More recently, integrative GWAS, epigenome, and transcriptome studies have revealed links between T2D SNPs, epigenetic changes, and alterations in gene expression in multiple tissues. For example, in islets, SNPs enriched in islet-specific regulatory regions, factors that bind to these regions, and islet-specific enhancers have been identified.54,56,58,77 A recent EWAS has shown that BMI, a measure of adiposity, is associated with changes in DNA methylation but the latter was a consequence and not a cause of adiposity. However, in the same study, dysregulated DNA methylation was found to predict the development of T2DM.62 Further research in purified cell types from diabetic patients to independently replicate and functionally validate changes in histone modifications as a result of hyperglycemia, insulin resistance, and other changes associated with T2DM is needed. The curation of information on transcription factor binding, chromatin architecture, sequence motifs, enhancer clusters, etc, into a single online database, the Islet Regulome Browser (http://www.isletregulome.org/), will significantly facilitate research in this area.
Molecular and clinical features
AD is a progressively destructive, irreversible, and mainly sporadic neurodegenerative disorder resulting in severe cognitive impairment. In the context of an unprecedented aging population, it is also a major contributor to ill health globally and is rapidly increasing in prevalence worldwide.78–80 The classic molecular hallmarks of AD-associated dementia are the accumulation of beta amyloid (Aβ) plaques and neurofibrillary tangles containing abnormally phosphorylated, acetylated, and misfolded tau proteins.81 Defects in nonresolving inflammation include a failure to clear these neurotoxic peptides.79 Dysregulated tau metabolism and the accumulation of extracellular Aβ plaques or aggregates are major contributors to neuroinflammation and disease progression.78–80 AD pathology involves multiple cell types and pathways and inflammatory mechanisms in the brain, eg, the binding of misfolded and aggregated proteins to glial cell surface receptors that initiates a pathological innate immune response. In addition, genes that regulate glial clearance of misfolded proteins and inflammatory reactions have been associated with increased risk for AD. Emerging evidence indicates that failure of resolution of inflammation in the brain may be a major contributor to AD pathology and targeting this could be of therapeutic benefit.82
Epigenetics of AD
GWAS has shown that ~20 common genetic variants explain disease susceptibility in around 30% of cases.83 This missing heritability, together with 1) the distinct vulnerability of different regions of the brain to AD, and 2)the age of onset, suggest that epigenetics has an important role in AD pathogenesis. In addition, epigenetic changes are known to play important roles in brain functionality and memory as well as in physiological aging.84
The epigenetics field in AD has transitioned from reductionist, candidate gene approaches to genome-wide profiling of disease-associated epigenetic changes.85 The major challenges in defining epigenetic mechanisms in AD are the involvement of multiple brain regions and cell types, the changes in DNA methylation observed in healthy aging, and the region-dependent changes in cellular content in the brain with progression of disease.84 For example, neuronal cells are lost and different types of glial cells increase in number (gliosis). Some analyses have accounted for neuron/glial cell ratios as covariates (independent variables) in bioinformatic analyses, but the isolation of sufficient numbers of purified brain cell populations for epigenetic studies remains a major challenge.
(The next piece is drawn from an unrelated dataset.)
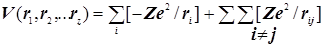 Отдельные диагональные слагаемые этой таблицы равны Vi= –Ze2/ri. Каждое из них представляет из себя энергию электростатического кулоновского притяжения одного из электронов к ядру. Недиагональные слагаемые Vij=+Ze2/rij. Полное выражение электростатической потенциальной энегии в атоме:

Two major genome-wide epigenetic studies have revealed robust and reproducible changes in DNA methylation in four genes not previously associated with AD, namely, ANK1, CDH23, RHBDF2, and RPL13.86,87 Both studies employed the 450K Illumina platform for analyzing DNA methylation, which only represents 2% of the human genome’s CpGs and does not distinguish DNA methylation and DNA hydroxyl-methylation. Both studies found changes in the brain DNA methylome at the onset of AD, though whether these cause or are an early consequence of AD pathology remains to be determined. In another study, differential DNA methylation was found in six genes associated with AD risk (BIN1, CLU, ABCA7, MS4A6A, CD2AP, and APOE),88 indicating that epigenetics contributes to AD susceptibility. A recent DNA methylome study89 has shown that hypermethylated DNA regions overlapped with poised promoters marked with H3K27me3 and H3K4me3. Consistent regions of differentially methylated DNA were found between this and previous AD-associated DNA methylome studies.86,87 In addition, global increases in DNA methylation and DNMT1 expression in the peripheral blood of patients are associated with late-onset AD.90 These studies provide the basis for developing convenient methods of screening for risk of this neurodegenerative disorder.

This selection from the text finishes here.